On April 30, 1943, the battle for North Africa was winding down, and the Axis had defeat staring it in the face.  Field Marshal Erwin Rommel, the tactical genius, had exited the theater in poor health nearly two months before.  In fact, the final offensive against the depleted Panzers (Operation Strike) was just a week away.  Tunis and Bizerte were certain to fall, and if they did, the Germans were facing a loss of men and equipment that could rival Stalingrad.

But on this day, Allied war planners weren’t thinking about the “here and now”.  They were looking ahead to the next target…Sicily.  The trick, however, was to get Adolf Hitler and his military leadership thinking about a place other than Sicily.

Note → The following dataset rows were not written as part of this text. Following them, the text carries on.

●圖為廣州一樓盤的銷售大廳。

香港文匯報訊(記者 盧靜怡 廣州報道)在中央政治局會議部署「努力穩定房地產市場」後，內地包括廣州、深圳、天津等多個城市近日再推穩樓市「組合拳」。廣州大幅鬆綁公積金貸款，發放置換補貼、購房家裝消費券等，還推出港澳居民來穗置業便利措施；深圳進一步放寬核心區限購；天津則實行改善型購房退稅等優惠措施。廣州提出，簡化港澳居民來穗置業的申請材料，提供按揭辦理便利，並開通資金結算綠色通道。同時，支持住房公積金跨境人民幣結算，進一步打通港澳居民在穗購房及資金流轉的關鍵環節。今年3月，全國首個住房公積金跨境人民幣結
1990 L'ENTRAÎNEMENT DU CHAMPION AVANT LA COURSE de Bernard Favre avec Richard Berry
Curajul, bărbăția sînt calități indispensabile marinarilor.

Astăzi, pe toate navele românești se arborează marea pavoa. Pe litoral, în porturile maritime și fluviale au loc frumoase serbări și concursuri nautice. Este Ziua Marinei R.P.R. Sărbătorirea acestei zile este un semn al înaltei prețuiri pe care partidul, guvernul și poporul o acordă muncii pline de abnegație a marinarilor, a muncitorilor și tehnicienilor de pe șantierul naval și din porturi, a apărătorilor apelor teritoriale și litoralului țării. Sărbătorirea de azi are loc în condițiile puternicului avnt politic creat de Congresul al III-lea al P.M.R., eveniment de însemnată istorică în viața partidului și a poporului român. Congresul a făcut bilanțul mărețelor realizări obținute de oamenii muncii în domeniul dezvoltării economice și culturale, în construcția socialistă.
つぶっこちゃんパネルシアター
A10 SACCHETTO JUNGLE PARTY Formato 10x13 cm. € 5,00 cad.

And that’s where Operation Mincemeat came in.  This involved making the German government believe that it had captured top-level, top-secret documents outlining a planned invasion of Greece and Sardinia.  But the Germans were pretty intelligent in their own right, and fooling them wouldn’t be easy.  Plus pretty much everyone knew that, after Africa, the next step would be Italy, and Sicily make the perfect stepping-off point.  This would have to be quite the ruse.

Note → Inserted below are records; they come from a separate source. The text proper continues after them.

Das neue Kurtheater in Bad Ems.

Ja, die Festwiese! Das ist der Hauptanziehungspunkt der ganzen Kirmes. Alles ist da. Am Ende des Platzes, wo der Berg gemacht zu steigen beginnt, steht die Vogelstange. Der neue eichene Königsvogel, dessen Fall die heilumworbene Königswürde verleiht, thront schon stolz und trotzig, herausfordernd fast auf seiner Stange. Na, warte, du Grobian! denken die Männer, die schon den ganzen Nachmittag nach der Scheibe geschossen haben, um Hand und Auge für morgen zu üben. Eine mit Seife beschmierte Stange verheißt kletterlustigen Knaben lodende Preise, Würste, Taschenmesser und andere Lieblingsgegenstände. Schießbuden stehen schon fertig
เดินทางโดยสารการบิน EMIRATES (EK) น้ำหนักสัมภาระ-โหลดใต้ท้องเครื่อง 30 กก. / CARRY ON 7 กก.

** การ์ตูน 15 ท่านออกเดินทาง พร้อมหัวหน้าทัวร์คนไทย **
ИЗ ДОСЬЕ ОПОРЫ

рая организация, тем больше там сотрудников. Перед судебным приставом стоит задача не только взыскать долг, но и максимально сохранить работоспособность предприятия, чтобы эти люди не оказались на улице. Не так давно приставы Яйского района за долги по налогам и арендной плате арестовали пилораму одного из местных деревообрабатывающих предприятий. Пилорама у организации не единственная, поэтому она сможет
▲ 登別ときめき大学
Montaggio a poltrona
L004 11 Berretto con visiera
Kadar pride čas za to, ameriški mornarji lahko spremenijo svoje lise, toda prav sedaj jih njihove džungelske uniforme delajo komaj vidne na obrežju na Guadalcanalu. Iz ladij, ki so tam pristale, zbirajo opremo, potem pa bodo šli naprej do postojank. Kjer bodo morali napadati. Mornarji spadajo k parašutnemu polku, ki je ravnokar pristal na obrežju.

The idea was to have a body, dressed up like a mid-level officer, wash ashore on the Spanish coast.  British Intelligence believed that the Spanish, with their close ties to Germany, would immediately report the discovery, and things would progress.  So the body of a man that recently died of poisoning was found, and a stash of phonied documents of the operation in Greece was placed in a briefcase and strapped to him, along with a major’s uniform and some old receipts and a made-up wife-to-be.

The submarine HMS Seraph then carried the body in a canister filled with dry ice.  As the dry ice evaporated, the carbon dioxide consumed the oxygen and preserved the body without refrigeration (which would have been a dead giveaway to German doctors).

At 4:30am, the Seraph off-loaded the body and the intelligence services watched and waited to see if their trick worked.

To say it succeeded would be an incredible understatement.  The Germans bought it, hook, line, and sinker.  Field Marshal Rommel, now in better health, was sent to Greece and given overall command of its defenses.  Additional reinforcements were directed away from Sicily and to Greece and Sardinia instead.  A Panzer Division was moved from France and, more importantly, two Panzer Divisions were moved from the Eastern Front, a move that would have a big benefit for the Russians at Kursk.

And when Allied forces stormed the beaches of Sicily in July of 1943, Hitler and his generals still believed it to be a feint, and continued their focus on Greece.  By the time they figured out they had been tricked, Sicily was all but lost.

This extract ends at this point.